The third point is the enhancement of the first point. If the chance is there, try to work with your customer closely together. In Scrum and XP it is done by short release cycles and demos to show the customer progress on regular basis after each release cycle and ask for critics, comments and new ideas. It helps to deliver software which is valuable for the customer and therefore, which is paid for. An even better idea is to embed a representative of the customer into the development team. The responses are immediate and customer’s acceptance testing is done the whole time. The possibility of developing software for what the customer does not want to pay, is reduced dramatically. And again: The customers pays for the product. There is no way to make a better product than to build the product together with your customer and when the customer is part of the team, she is even more engaged and willing to help for development. At the very end, the willing to pay is much higher, when the product was kind of custom built.

By doing all this, be prepared: With each demo, feedback session and communication to the customer, there might be new ideas, comments and critics. The requirements are about to change on daily basis. That’s what the fourth value is about. Be open for changes. Customer only have vague idea at the beginning, about what they want. But, during the development, more ideas arise, some faulty ideas are dropped and new wishes pop up.

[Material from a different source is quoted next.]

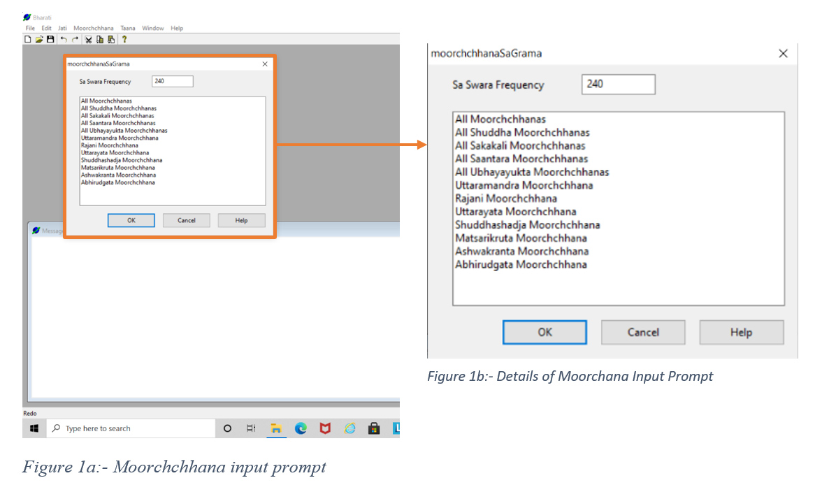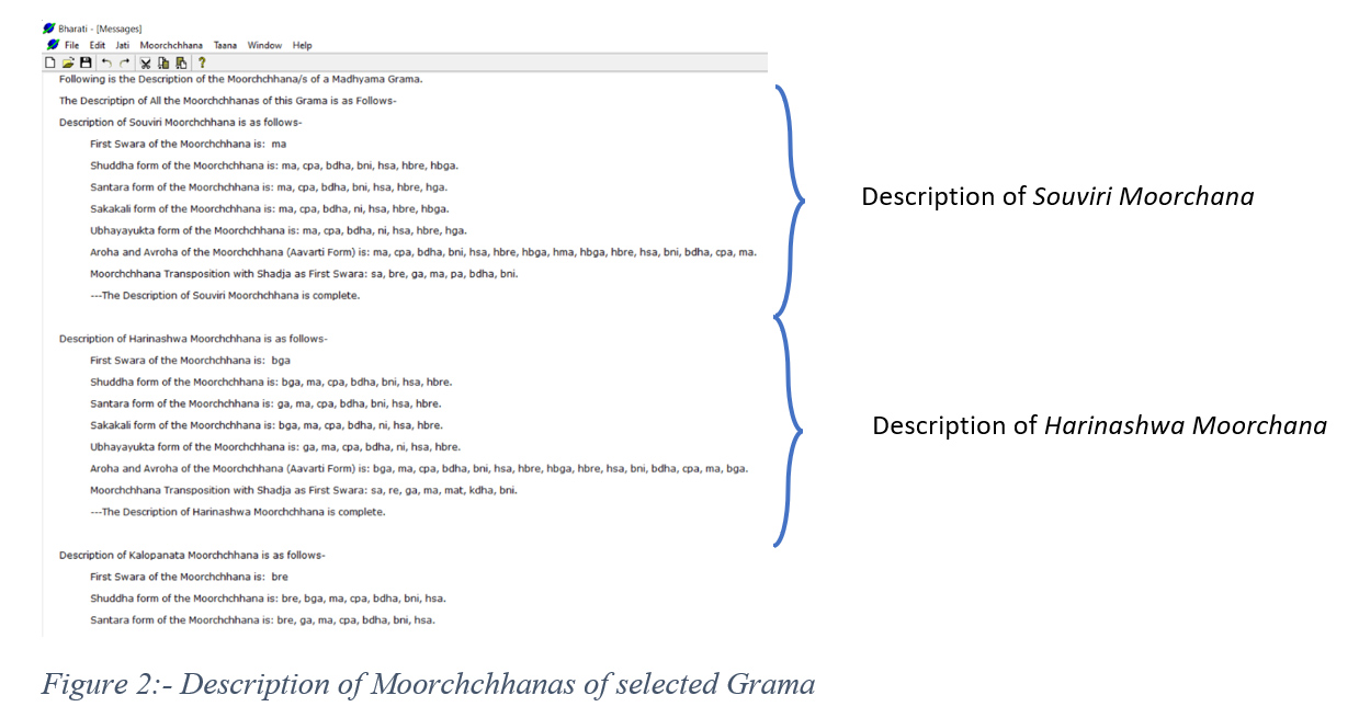 The main objective of ‘Bharati’ system is to show that the theoretical concepts from ‘Natyashastra’ and Sangeet Ratnakar are logically structured and all Sutras can be potentially simulated on computers and to preserve the knowledge treasure. This ‘smart’ book or expert system provides a textual description of the desired concepts. This smart system has all the core concepts such as Bharata Muni’s swaras, Bharata Muni’s shrutis, Shadja Grama, Madhyama Grama, types of Gandhara Grama, Shuddha Moorchchhanas, Santara Moorchchhanas, Sakakali Moorchchhanas, Ubhaya Moorchchhanas and so on. It also has the information about Sampurna Taanas, Shadava Taanas, Oudava Taanas as wellas information about 18 Jatis that include Shuddha Jatis, Samsargaja Jatis and Sadharanagata Jatis. In the following image, you can see that the dialog box for Moorchchhanas is selected and it shows a long list of entries.

That’s kind of normal and part of the process. This helps to make the product better at the end and the business value is increased. A product like that can be priced higher, though. What is better than that?

Is “good enough” good enough?

I thought about the term “good enough” lately. It came into my mind, that the term is used in a kind of way which is misleading.

In a lot of books about quality and economics (books which deal with the combination of the two) it is written, that development should not be perfect, because it is economically not meaningful, but it should be good enough. The hint is right, but misleading. It is not explained in detail what ‘goo enough’ really means, at least not in the books I wrote about that topic.

The term good enough is treated in almost all cases I witnessed as: Good enough = Good enough to be sell-able. This leads to a focus on external design, usability and feature bloat to increase market value. The market value in most cases is only judged by the external attributes. Most buyers do not look into the products and judge the internal value, what in most cases also would not make much sense. That’s why colorful products, well-designed and products with a ton of features can be sold best.

There is nothing wrong about the fact that such products can be sold best and most easy, but from the business point of view, this is not enough. What is good enough for the end customer, is not necessarily good enough for the producer of the product. All products have more needs than just to be sell-able. Products need to be recyclable, maintainable, ecological and maybe also upgradable (and much more). These thoughts lead to the conclusion, that there is more to think about than just the market and to be good enough for the market.

In software industry for instance, the source code of a current product is used as foundation for all further products. As soon as the source base gets unmaintainable, all future products are in danger. Software is very complex to develop and therefore, very expensive. A complete new development of a source base of a product family is very expensive and only large companies can handle and survive that.

It is therefore very important, right from the beginning, to spend some effort on code quality. The application of metrics, defect checks and conventions is crucial. Otherwise, the future of a company can be in danger.